We saw multiple times in a row a problem where our database hard disk activity would spike without clear cause. We started analysis right away to find the cause of the issue, but because these hard disk activity spikes would only intermittently occur for a few minutes and then go away again, it was hard to find the cause of the issue right away. After searching our own processes and logging, we could not find the cause directly.

We contacted our hosting party with all found logging and information. During the research at the 23rd , we also switched off non essential platform services such as user creation, to make sure behaviour was caused by the area we suspected. After this research we found out that some configuration on the hosting party end was reset to default values, which resulted in our harddisk behaviour not being optimized like it was before. Restoring this configuration initially caused some more downtime as an emergency reboot was needed.

Solution

On September 23rd we restored the configuration together with our hosting party. This solved the issues.

Mitigation

We made better agreements about the specific configuration used with our hosting party, so situations like this with spiking load at specific moments will not occur again. Furthermore, we increased our disk IO capacity to have even more wiggle room when high hard disk load does occur.

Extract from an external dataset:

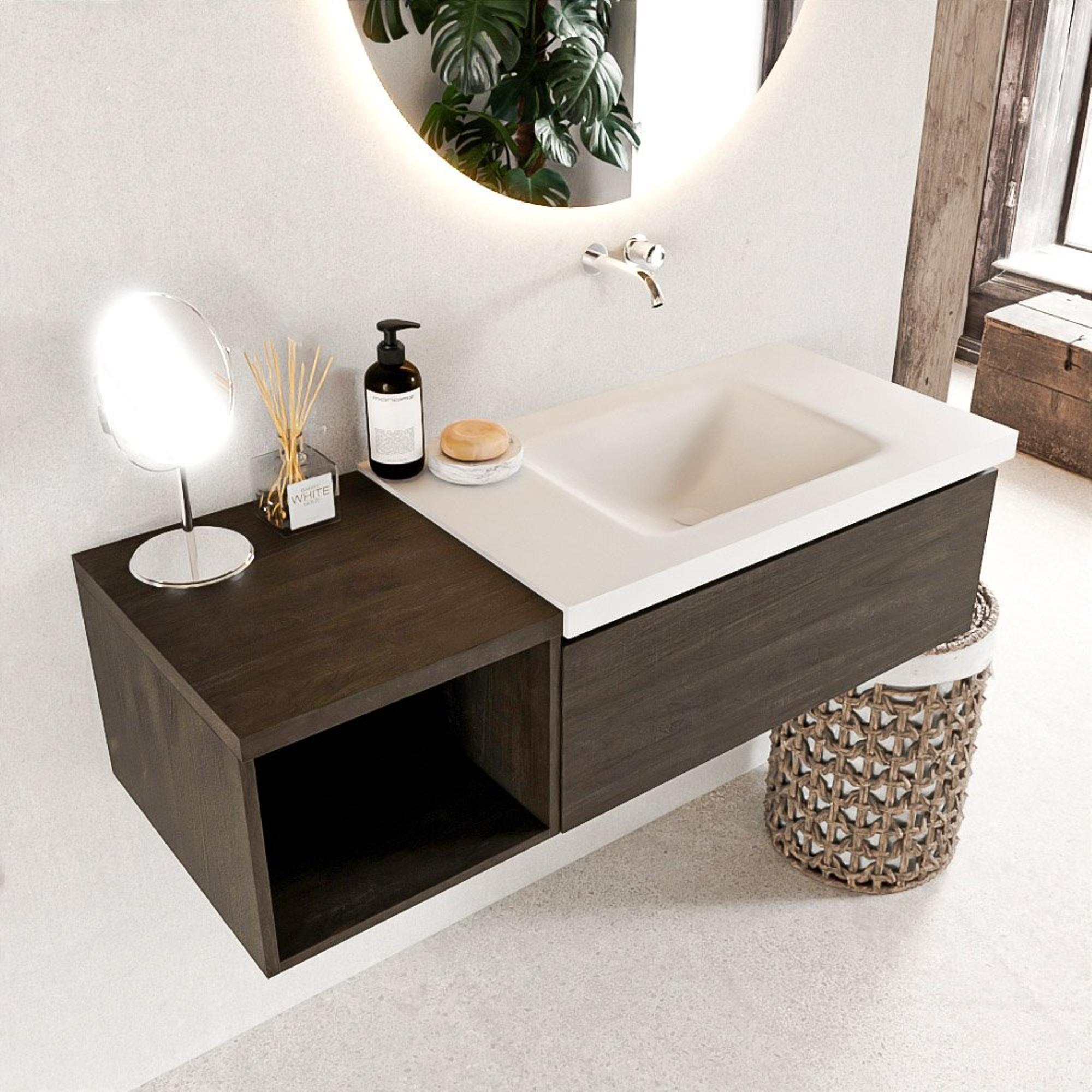 La teinte bois dark brown s'accorde parfaitement avec les styles de salle de bains populaires tels que moderne, hôtel chic et scandinave chaleureux. La façade sans poignée offre une apparence épurée et minimaliste, tandis que la structure du bois apporte une touche naturelle et accueillante. Le lavabo placé à droite dans la couleur Talc (blanc mat) crée un contraste raffiné avec le meuble sombre et met particulièrement bien en valeur la forme de la vasque. Comme aucun trou pour robinet n'est pré-percé, vous pouvez choisir vous-même un élégant mitigeur surélevé dans le style et la couleur en harmonie avec le reste de votre sanitaire. Vous créez ainsi un ensemble harmonieux et bien pensé qui donne l'impression d'une solution sur mesure.

Posted Sep 27, 2022 - 15:52 CEST

Resolved

This incident has been resolved.

Posted Sep 23, 2022 - 14:12 CEST

Identified

We are experiencing sudden peaks in processing times and traffic. This results in loading times and in cases errors where our system is not reachable to prevent further piling up of transactions in process.

However we do see that practically all transactions come through and that most of the transactions will be created and signed.

We are working hard on a solution and keep you updated on this matter.

Posted Sep 23, 2022 - 12:53 CEST

Investigating

We see that some users may experience error 500 while creating transactions.
We are currently investigating this matter and will keep you updated.

Posted Sep 23, 2022 - 11:09 CEST

This incident affected: API and Portal.